When your pastor says such things after 9/11/01 as “America’s chickens are coming home to roost,” or, “not God bless America, God Damn America,” you have to go a lot further than simply disagreeing with those words, no matter how strongly. Especially when you are running for president of the very country that your preacher is calling on God to damn. It just wasn’t nearly enough.
Barack Hussein Obama is certainly a great orator, and while I have heard some pundits say that he said exactly what needed to be said, I have heard others say that he gave a great speech, but on the wrong topic. I personally feel that neither is true.
The speech was mediocre. I would by no means put him on the level of MLK, or even “second to only MLK,” as I heard one pundit say. This was a speech of rhetoric. It was a speech that went so far out of its way to please everyone, that it really wasn’t enough to please anyone.
Obama did start out strong, reciting the U.S. Constitution, "We the people, in order to form a more perfect union." How can you go wrong there?
He then went on to say, “The document they produced was eventually signed but ultimately unfinished. It was stained by this nation's original sin of slavery, a question that divided the colonies and brought the convention to a stalemate….” And he was right on the money with that.
And then he said, “Of course, the answer to the slavery question was already embedded within our Constitution – a Constitution that had at its very core the ideal of equal citizenship under the law; a Constitution that promised its people liberty, and justice….” And again, he was right. The answer to the slave issue was/is in the Constitution.
But then things changed. Barack said that his campaign’s mission was to continue the march for a more just, caring, equal, and free America. Does he not realize that he is running for the highest office in America? Indeed, in the free world? I like the way Rush Limbaugh put it on his radio show today. He said something to the effect that Obama is not an agent of that change, but a product of it. I have to concur.
A little later, Sen. Obama said something that confounded me. Said he: “I am married to a black American who carries within her the blood of slaves and slaveowners – an inheritance we pass on to our two precious daughters.” He sounds as though he is bitter about this dual legacy. I am not really sure what good this does him in trying to solve, if you will, the problems with race and racism in America. What message was he trying to get across here? Or was this another attempt to appeal to blacks and whites? If so, I say it was far off target. For if he was trying to appeal to blacks by saying his wife had slave blood in her, that alone may have done it. However, the slave owners statement, in my estimation, would not appeal to black voters.
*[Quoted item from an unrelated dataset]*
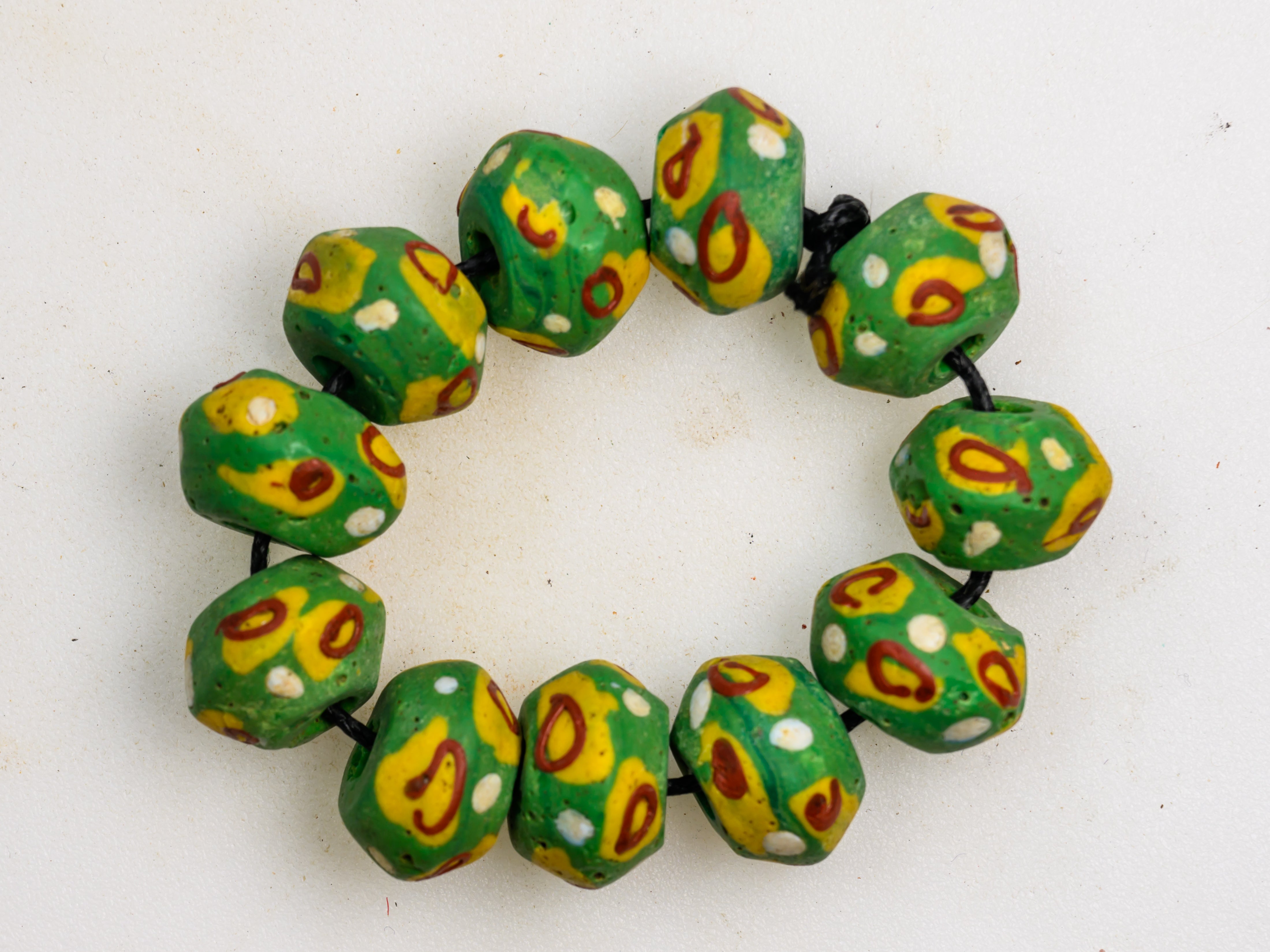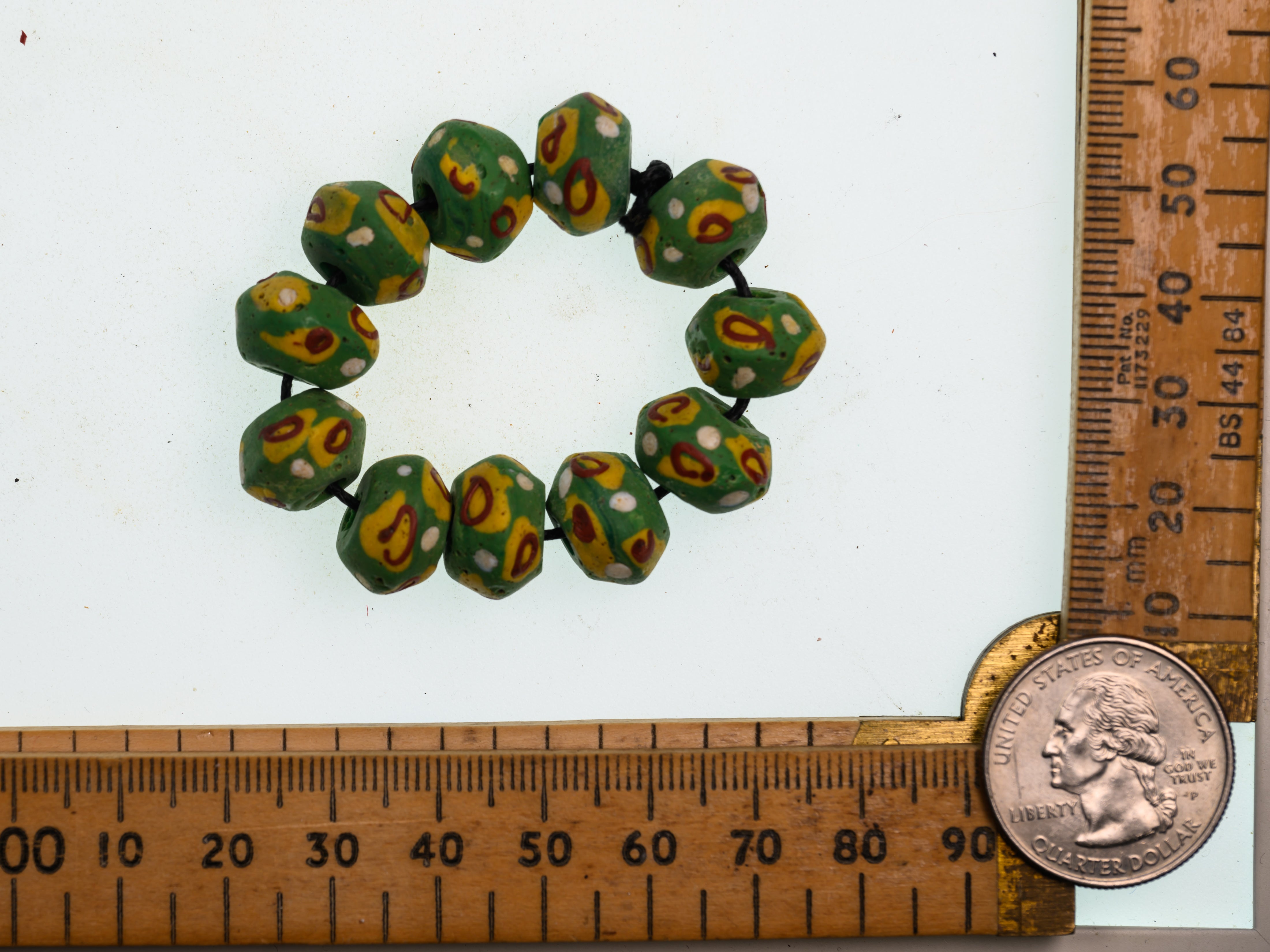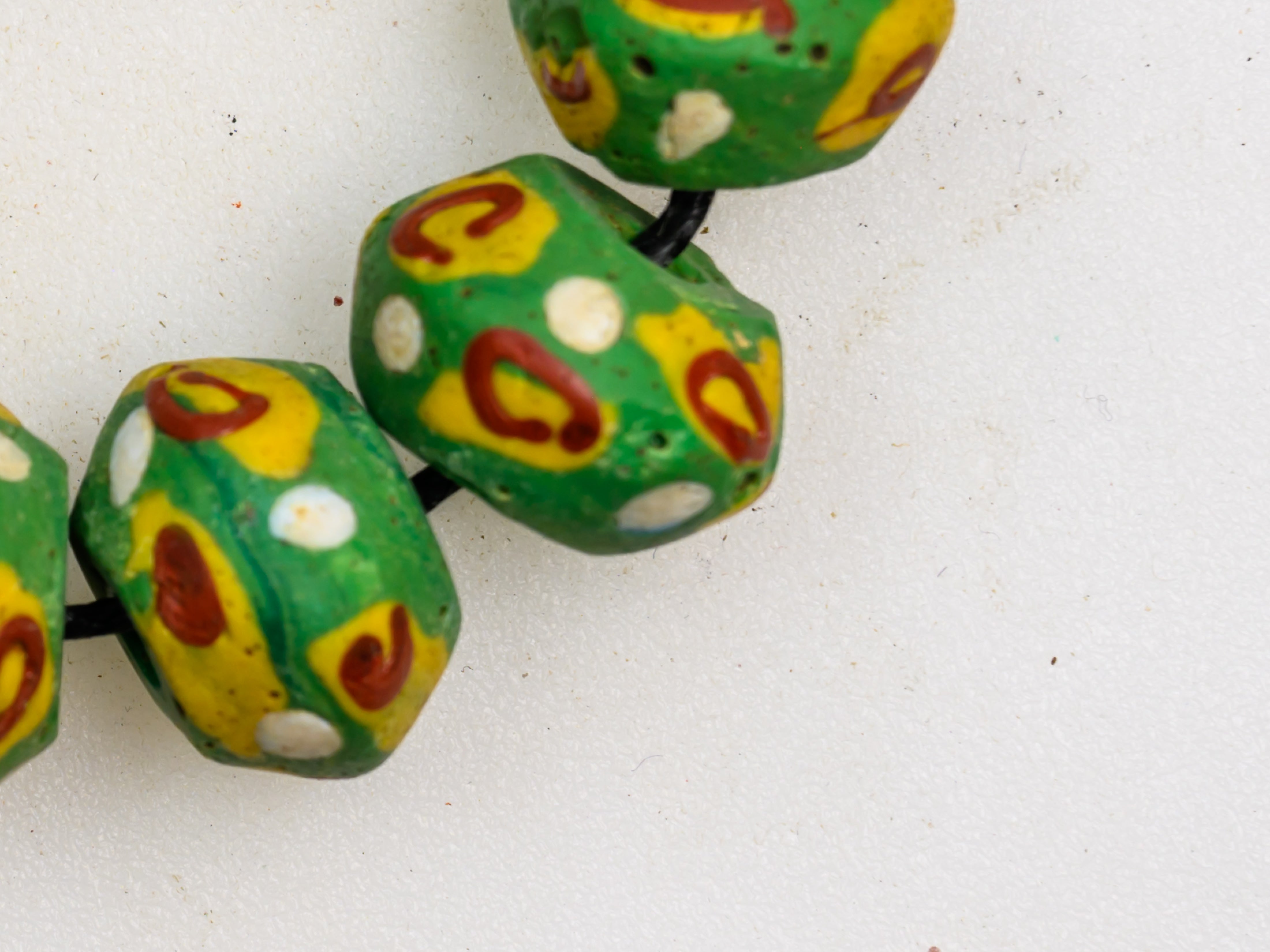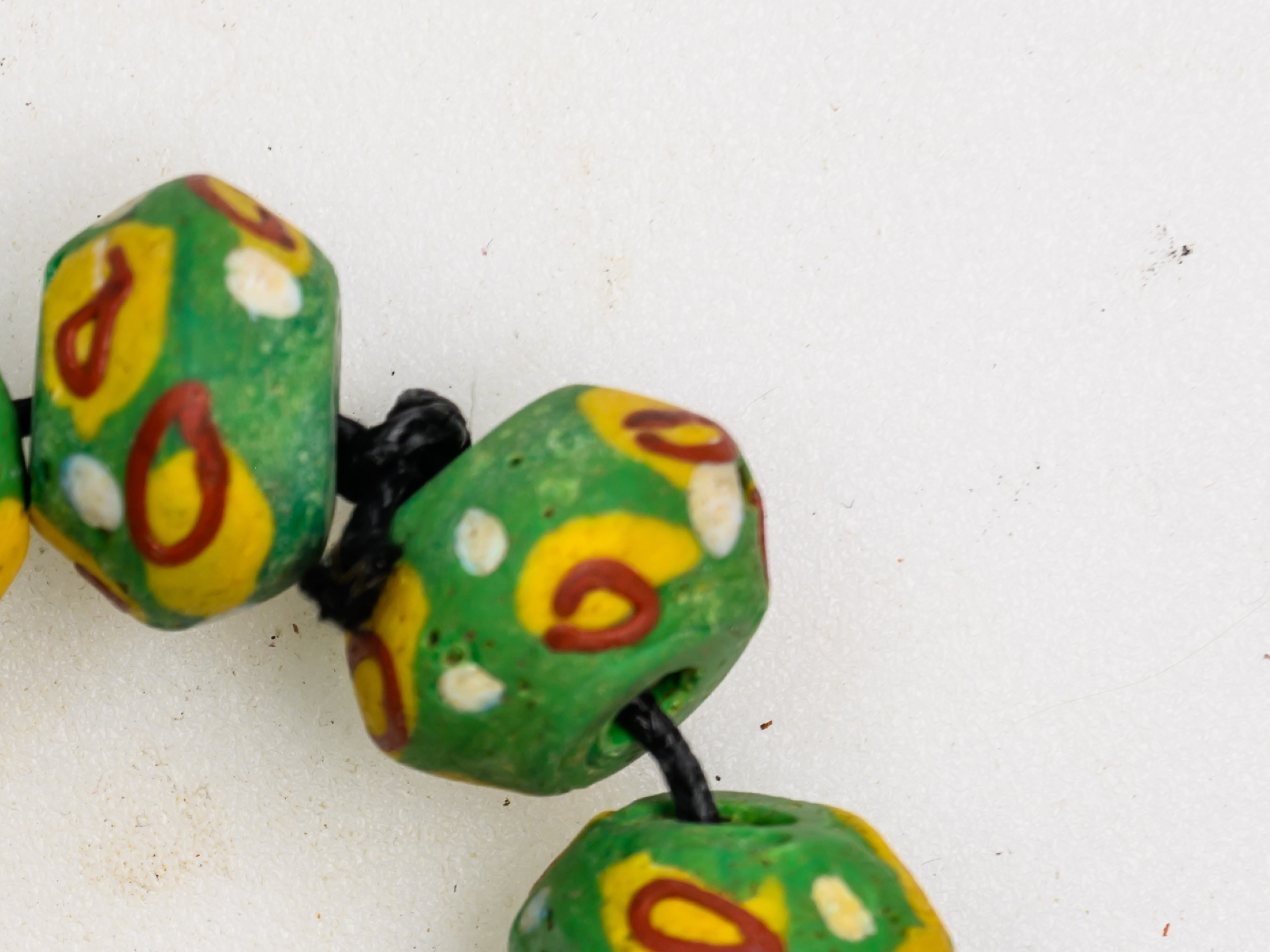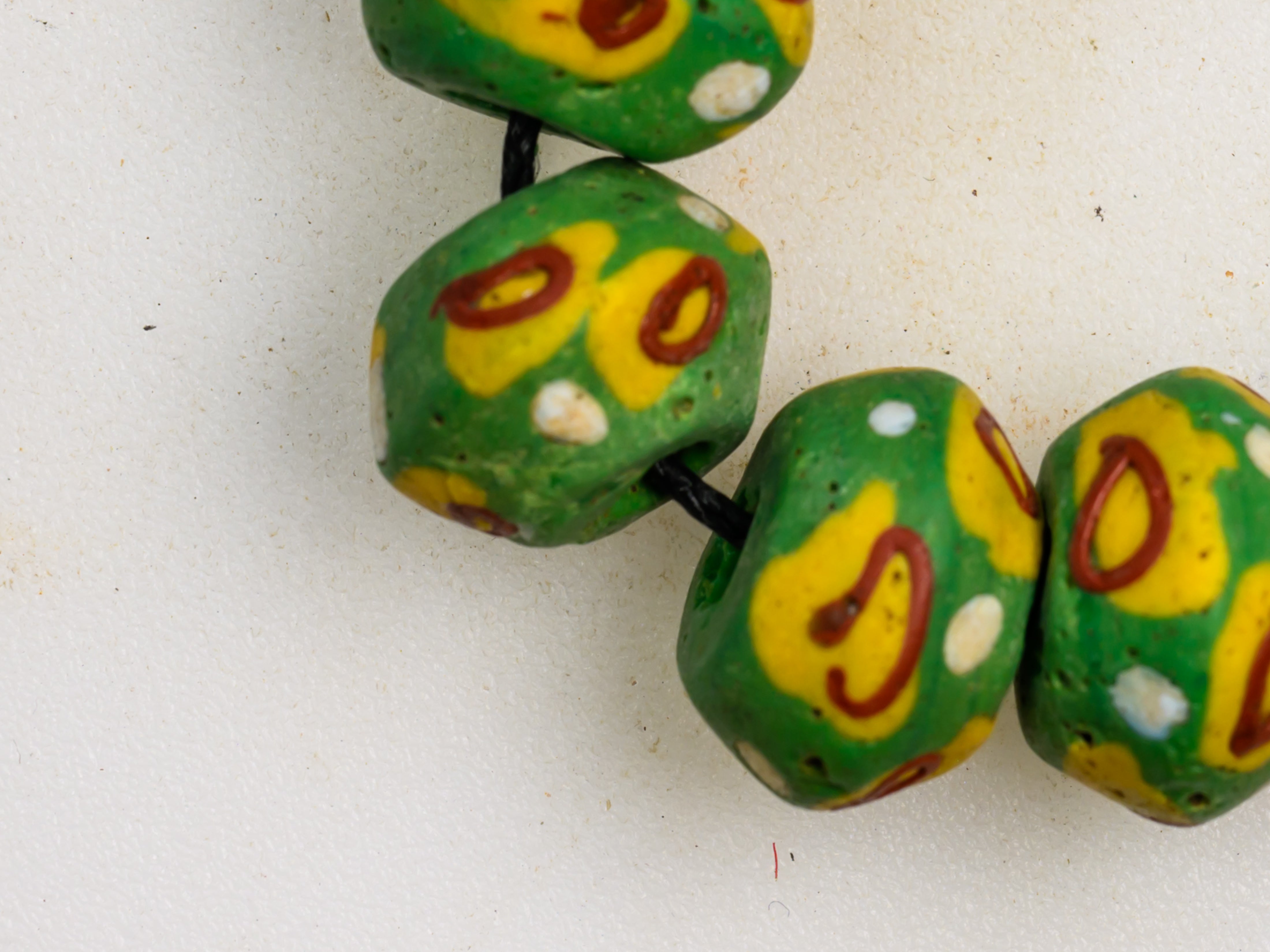 A small strand of rare green Venetian African Trade King Beads, dating from the mid to late 1800s through the early 1900s. These bicone beads are said to have been worn by tribal royalty, hence the name.

And if he somehow thought he could appeal to white voters by saying the blood of slave owners passed through his wife’s veins, well, today’s white folk are pretty anti-slavery; at least the greatest majority of us.
The Democrat front-runner then talked about the unconventionality of his run for president. He said America is more than the sum of its parts. That out of many, we are made one. That’s a nice thought, and quite honestly, I believe it. I think we have come far in the quest for equality among the races. However, I am not convinced Barack himself believes it.
Throughout the speech there were instances where I found myself waiting for him to say “So in your face, cracker!” Like this next part, “Despite the temptation to view my candidacy through a purely racial lens, we won commanding victories in states with some of the whitest populations in the country. In South Carolina, where the Confederate Flag still flies, we built a powerful coalition of African Americans and white Americans.” Just add an “in your face cracker” there, and the racial overtone becomes much more obvious.
And while we’re on this point, why, oh why, if blacks in America truly want to put aside racial differences, and not forget the past, but rather build a better future on the past, why do they insist on calling themselves “African-Americans?” I don’t call myself, nor do my white friends call themselves, Euro-Americans. We are simply Americans. Putting any kind of adjective before American simply worsens any division that already exists.
The would-be presidential nominee then goes on to address the Rev. Jeremiah Wright issue…well, sort of. He does say that he has “already condemned, in unequivocal terms, the statements of Reverend Wright that have caused such controversy.”
However, he also said that he could not disown Rev. Wright any more than he could disown the “African-American” community. Now, in my mind’s eye (or ear), this is telling me that Barack feels that the black community in this country still holds the incendiary remarks of Obama’s pastor to be truths. That this is the U S of KKK A, that the American government did start AIDS as a tool of genocide, that the aftermath of Katrina was a carefully orchestrated plan by “the man” to rid New Orleans, and indeed the Gulf coast, of black people. Anybody else get that uneasy feeling that this is what Obama is saying?
He also said that he couldn’t disown the disgraceful pastor any more than he could disown his own white grandmother (I told you: a little something for everybody). He then said that he had heard this particular grandmother express fear of black men as they passed her on the street.
He also described her as a woman who “on more than one occasion has uttered racial or ethnic stereotypes that made me cringe.” That’s odd, he hasn’t cringed at Rev. Wright’s remarks even once, at least not that he has mentioned.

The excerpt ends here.